Want to get started with Dataflow ML? Check out this docs page.

AI Summary and Description: Yes

**Summary:** The text discusses Shopify’s integration of AI-powered search capabilities into its platform, specifically focusing on the implementation and challenges of real-time embeddings for enhancing search accuracy. The use of machine learning primitives and streaming pipelines emphasizing performance optimization is highlighted, which offers insights into modern AI application development for e-commerce professionals.

**Detailed Description:**

The document outlines Shopify’s efforts to enhance the online shopping experience through the integration of sophisticated AI and machine learning technologies. Central to this endeavor is the implementation of real-time embeddings, which significantly improve the platform’s search functionality. Here are the key points and insights:

– **AI-Powered Search Integration:**
– Shopify has implemented AI capabilities into its storefronts to enhance search functionality.
– Semantic search has improved by understanding user intent rather than relying on simple keyword matching. This increases the relevance of product results and boosts sales for merchants.

– **Foundational Machine Learning Assets:**
– Shopify is creating reusable machine learning primitives that allow for the development of sophisticated AI systems, crucial for features like Storefront Search.
– The process utilizes **embeddings**: converting textual and visual content into numerical vectors for similarity measurements.

– **Real-Time Embedding Processing:**
– Shopify employs a streaming pipeline producing approximately 2,500 embeddings per second, ensuring that product updates are available in near real-time to enhance user experience.
– The architecture utilizes Google Cloud’s Dataflow service, recognized for its hosting and scalability, to facilitate processing.

– **Challenges and Solutions:**
– Managing memory and GPU utilization are critical challenges, with experiments in optimizing these factors via changes in worker configurations and process management.
– The document discusses strategies like minimizing memory footprint, balancing between GPU utilization and cost through efficient threading and batching processes.

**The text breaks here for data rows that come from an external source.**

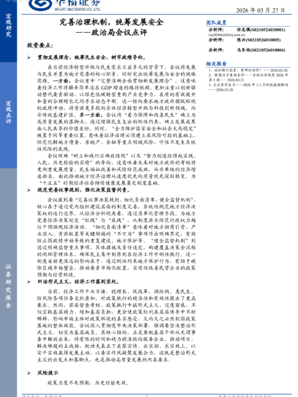 【华福证券】【202603】完善治理机制,统筹发展安全——政治局会议点评-5页 宏观策略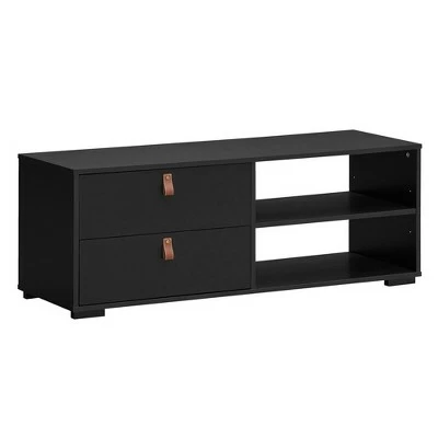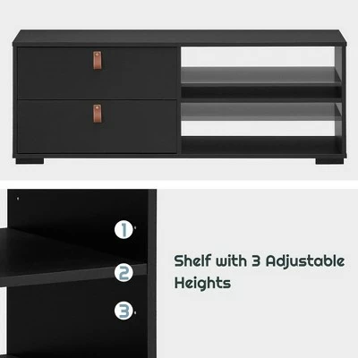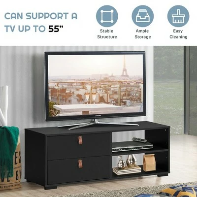 This stylish TV stand will add plenty of storage space and glamour to your home!Made of premium engineered wood, our TV stand is sturdy and durable with a long service life. 5 wide legs ensure excellent stability and the anti-scratch foot pads can protect your floor from damage. The spacious tabletop can support up to 55 inches of TV and some decorations. Two large drawers and adjustable shelf provide ample storage space for your books, audio equipment, snacks, etc. In addition, PVC handles and smooth drawer rail slides allow you to access items with ease. If you are looking for a piece of furniture that combines aesthetics and practicality to improve your quality of life, then this TV stand should not be missed! Specification: Color: Black/Walnut. Material: P2 Engineered Wood. Overall Dimension: 47.5”(L) x 15.5”(W) x 17.5”(H). Net Weight: 57.5 lbs. Weight Capacity of Tabletop: 77 lbs. Weight Capacity of Each Drawer: 11 lbs. Weight Capacity of Each Shelf: 11 lbs. Package includes:. 1 x TV Stand. 1 x Instruction.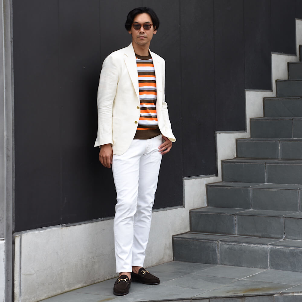 待っていました!清潔感溢れる白ジャケットの登場です。気が引けると思いきや、そうでもないのがこのジャケット。リネンが60%入っていることによりカジュアルな見た目と優しい風合いにより雰囲気が柔らかくなります。また、真っ白ではなく黄味が掛かった白なので嫌味のないところもポイント。加えて高級感のある光沢が特徴のヘリンボーンですが、こちらはほんのりと光沢が控えめで落ち着きがあります。大人の余裕を感じさせつつ、ポイントで「GOLDのメタルボタン」。抜きどころと押しどころの調和が取れた優れたジャケットです。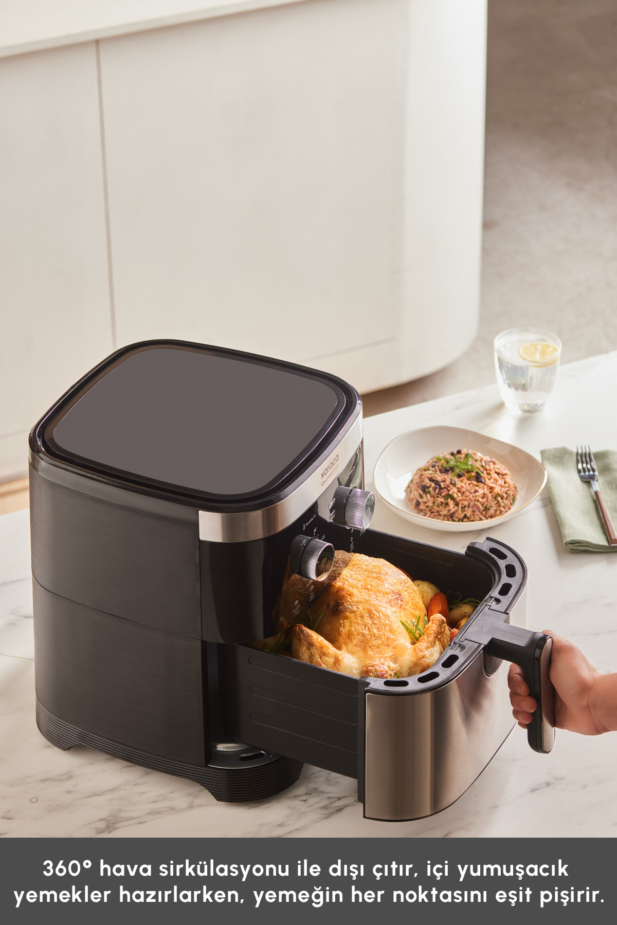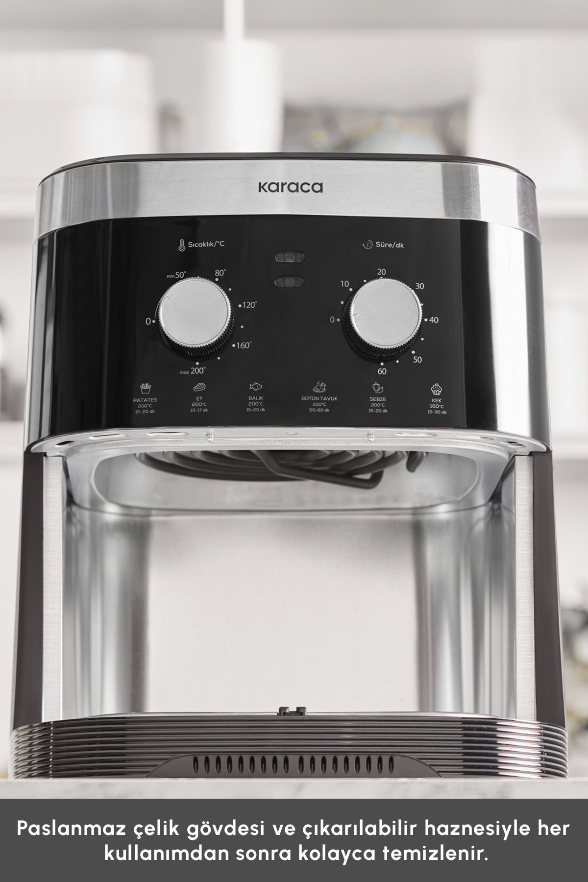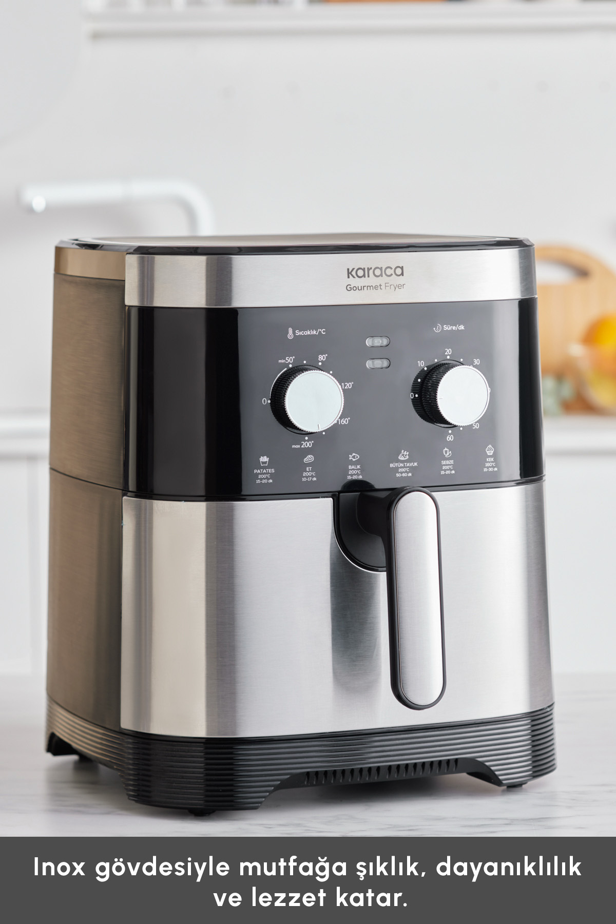 Karaca gourmet 9 litre ekstra büyük hacim 8 kişilik airfryer Inox gövdesiyleBirbirinden lezzetli yemeklerinizi hazırlarken mutfağınıza şıklık katan modern yardımcınız olacaktır.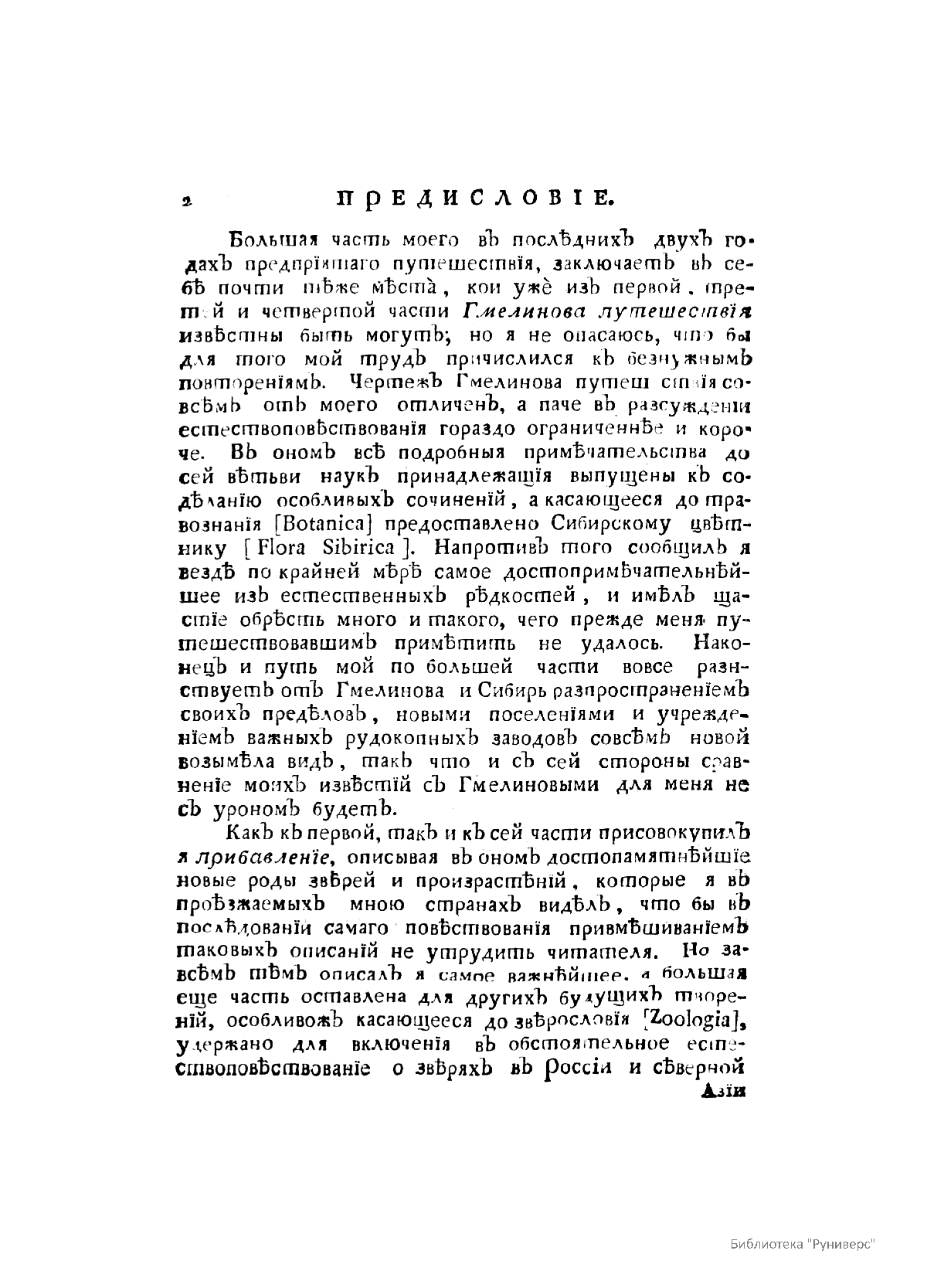 Научные труды П.С. Палласа выходили сначала на родном ему, немецком языке, а потом переводились на русский. Перевод с немецкого труда «Путешествие по разным местам Российского государства» в трех частях (пяти книгах) был выполнен Ф. Туманским и учеником Палласа, Василием Зуевым, состоявшим в его экспедиционном отряде. Впервые на русском языке «Путешествие…» было издано в 1773–1788 гг. в серии «Собрания, старающегося о переводе иностранных книг», учрежденной Екатериной II.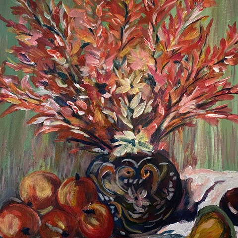Maleri som viser et kirsebærtre i full blomst, med rosa blomster og grønt gress i forgrunnen. Motiv av en hage eller park med et lyst og fargerikt landskap 60x80 cm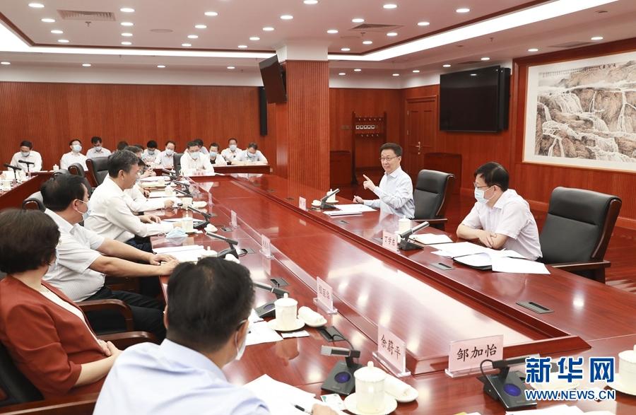 7月10日,中共中央政治局常委、国务院副总理韩正在财政部召开财税部门座谈会。 新华社记者 庞兴雷 摄

– **Performance Optimization:**
– The paper notes the trade-offs between cost, throughput, and latency, indicating a strategic focus on maintaining a seamless, real-time experience for users despite potential increases in pipeline complexity.
– Continuous optimization practices are emphasized, including exploration around model loading and process management.

– **Future Directions:**
– Shopify is focusing on further developing its centralized ML capabilities and investigating other problem-solving opportunities using machine learning, indicating a commitment to innovation and improvement in user experience.

Overall, this analysis of Shopify’s use of machine learning highlights the importance of technological integration in enhancing e-commerce platforms, providing valuable insights for professionals in AI, cloud infrastructure, and security. The detailed exploration of real-time ML pipelines and the resulting implications underlines the significance of effective resource management and architectural choices in deploying AI at scale.